Up until we discovered Beyond Meat’s Hot Italian Sausages, I found most alt-meats crappy. The burgers tasted off; I’d much prefer a homemade bean burger (still do) to the patties of ground-beef-looking stuff shaped into thin discs. Faux-chicken patties were bland and really just vehicles for deep-fried things. Tofu dogs were gross.
I remember feeling extreme skepticism the first time I pan-fried a pair of Beyond Meat Italian Sausages, probably two years ago. The rest of the alt-meats sucked. Why should this one prevail?
Prior to cooking the sausages, I slow-sauteed sliced onion and green pepper, until sweet and unctuous. A proper Italian sausage sandwich, in my opinion, doesn’t need more than sausage + onion + pepper.

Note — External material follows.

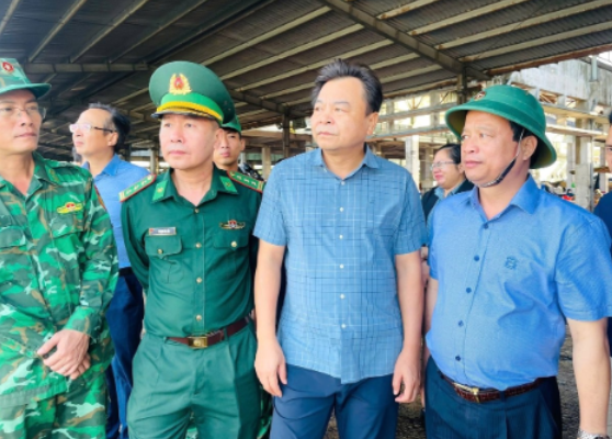 Thứ trưởng Nguyễn Hoàng Hiệp cùng lãnh đạo tỉnh Gia Lai kiểm tra tàu thuyền tại cảng Quy Nhơn chiều 5/11 (Ảnh: Bộ Nông nghiệp và Môi trường).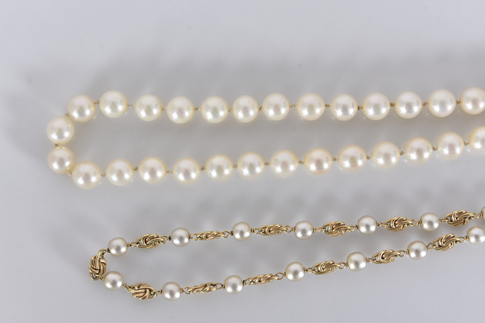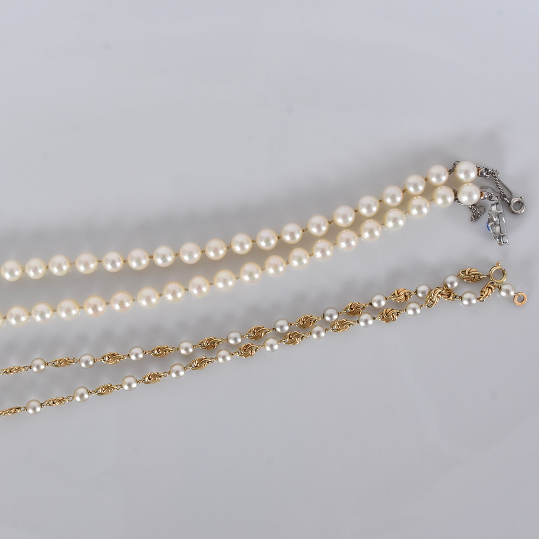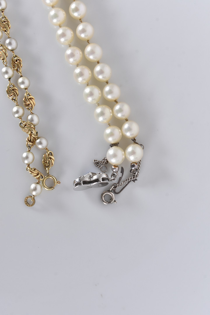 4933295. PERLEHALSKÆDE, 2 stk, inkl. sølvspænde.

I slid the sausages into one of those soft brioche hot dog buns from Whole Foods Market; the buns may be WFM’s most powerful triumph. Using tongs, I covered the top of the sausages with onions and peppers.
One bite. Fennel and hot pepper, grease and snap. Sweet, soft onions and peppers. I found my first alt-meat success. The product is a masterpiece.

Beyond Meatballs taste meaty
Two weeks ago I ran across a new Beyond Meat product: Italian meatballs. Given the wonders of the company’s Italian sausages, I picked up a package in a refrigerator. Eight bucks for 12 meatballs, which weighed just 10 ounces. That’s nearly $13 a pound. Ouch.
For a recent dinner we warmed tomato sauce we made in the fall with tomatoes from Black Cat Organic Farm. We heated a cast-iron skillet, and placed the alt-meatballs in the dry pan — no oil, per the instructions. Soon, they began sizzling. I turned one and the bottom was crisp and caramelized — perfect. After about 10 minutes of moving meatballs around to char all sides, we were ready.
Hot spaghetti in a bowl. Tomato sauce on top. Meatballs decorating the beige-and-red mound.
“Too meaty!” says Annie upon her first bite. She hasn’t eaten meat for decades, but she remembers the flavor. “Also, I’m not tasting much in the way of Italian seasoning. Rather than an Italian meatball, it just tastes like a meatball. At least it’s versatile. Could be used in other cuisines.”

Exterior texture is winning. Interior needs R&D.
I appreciated how the meatballs gained a pleasing crust after minutes in the pan. Beyond Meat nailed that part of the texture equation. Unfortunately, the meat within the crust was too chewy; a good Italian meatball is light and slightly crumbly rather than taffy-like. In fact, the interiors were so dense that sauce didn’t penetrate the balls the next day, after I reheated them for about an hour in hot tomato sauce.
As a planty person who occasionally eats the flesh of dead animals, I didn’t find them too “meaty.” But Annie was right about the seasoning. Too meh.
I think they stand as a decent attempt. For meat lovers hunting for alternatives, these indeed seem … meaty. With louder seasoning and a lighter texture, they’ve got potential.
Either way, these alt-balls are too expensive.